RECORD EXCERPTS
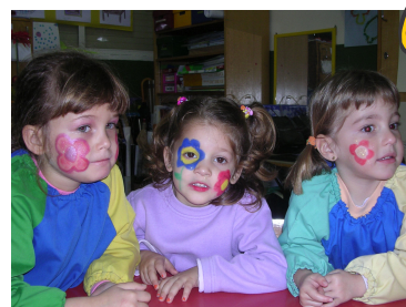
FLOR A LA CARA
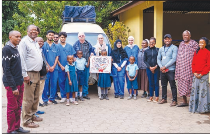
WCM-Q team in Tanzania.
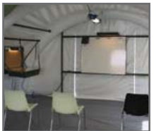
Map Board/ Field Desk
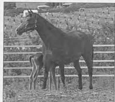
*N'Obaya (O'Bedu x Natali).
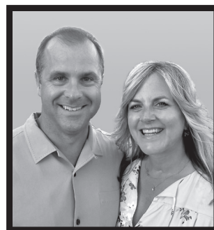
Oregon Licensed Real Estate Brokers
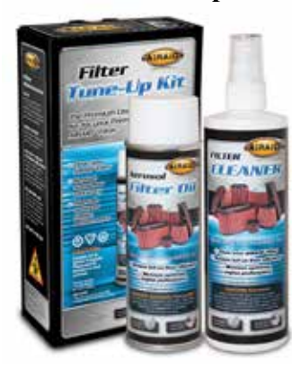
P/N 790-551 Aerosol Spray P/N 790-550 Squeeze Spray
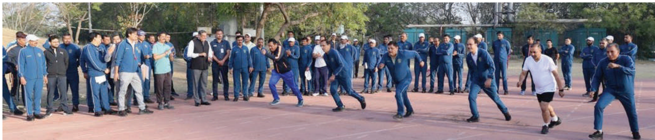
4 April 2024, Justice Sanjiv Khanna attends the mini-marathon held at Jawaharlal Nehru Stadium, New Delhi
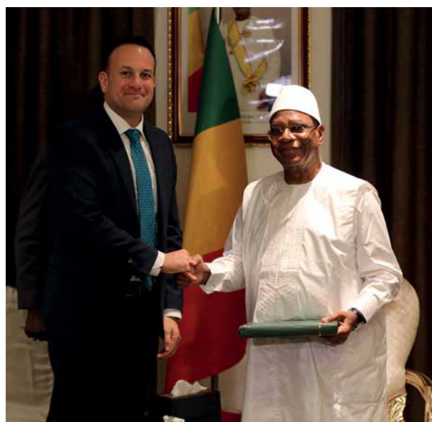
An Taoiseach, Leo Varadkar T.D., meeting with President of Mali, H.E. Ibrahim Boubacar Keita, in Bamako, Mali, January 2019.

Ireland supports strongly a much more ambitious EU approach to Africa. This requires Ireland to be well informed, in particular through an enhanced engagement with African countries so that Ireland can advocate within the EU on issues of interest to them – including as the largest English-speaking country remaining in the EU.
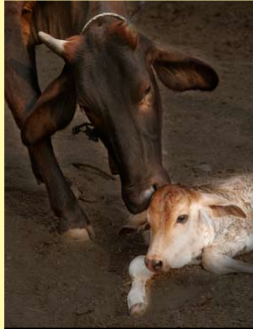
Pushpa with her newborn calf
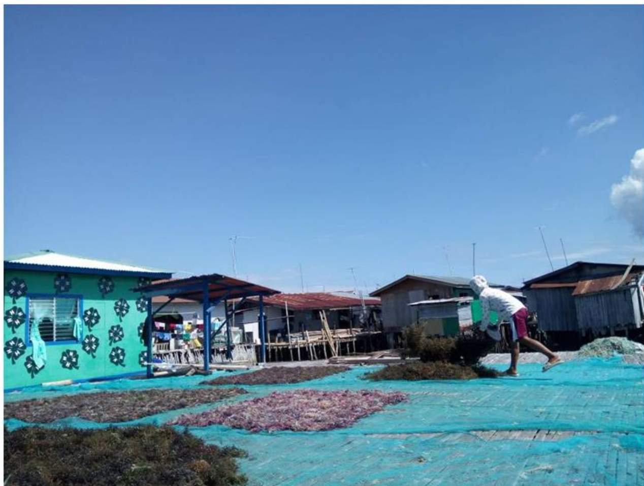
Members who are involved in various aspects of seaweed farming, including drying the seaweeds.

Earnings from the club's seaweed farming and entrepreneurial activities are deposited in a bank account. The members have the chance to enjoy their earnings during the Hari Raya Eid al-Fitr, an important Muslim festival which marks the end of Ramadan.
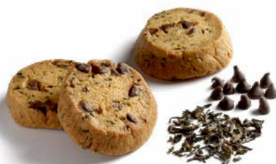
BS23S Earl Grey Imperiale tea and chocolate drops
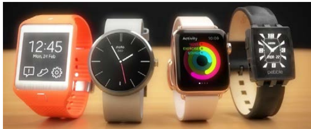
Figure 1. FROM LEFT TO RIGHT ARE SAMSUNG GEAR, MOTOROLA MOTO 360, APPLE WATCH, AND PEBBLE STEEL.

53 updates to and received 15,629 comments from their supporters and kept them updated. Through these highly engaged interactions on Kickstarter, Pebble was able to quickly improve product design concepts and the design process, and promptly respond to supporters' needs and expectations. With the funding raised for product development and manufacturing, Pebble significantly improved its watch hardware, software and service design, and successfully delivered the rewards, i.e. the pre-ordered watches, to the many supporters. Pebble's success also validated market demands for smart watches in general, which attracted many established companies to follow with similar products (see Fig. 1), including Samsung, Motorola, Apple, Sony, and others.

ASSIGNMENT
Pick every line containing the word "including" out of the material, and copy those lines.

FINISHED TASK
Ireland supports strongly a much more ambitious EU approach to Africa. This requires Ireland to be well informed, in particular through an enhanced engagement with African countries so that Ireland can advocate within the EU on issues of interest to them – including as the largest English-speaking country remaining in the EU.
Members who are involved in various aspects of seaweed farming, including drying the seaweeds.
53 updates to and received 15,629 comments from their supporters and kept them updated. Through these highly engaged interactions on Kickstarter, Pebble was able to quickly improve product design concepts and the design process, and promptly respond to supporters' needs and expectations. With the funding raised for product development and manufacturing, Pebble significantly improved its watch hardware, software and service design, and successfully delivered the rewards, i.e. the pre-ordered watches, to the many supporters. Pebble's success also validated market demands for smart watches in general, which attracted many established companies to follow with similar products (see Fig. 1), including Samsung, Motorola, Apple, Sony, and others.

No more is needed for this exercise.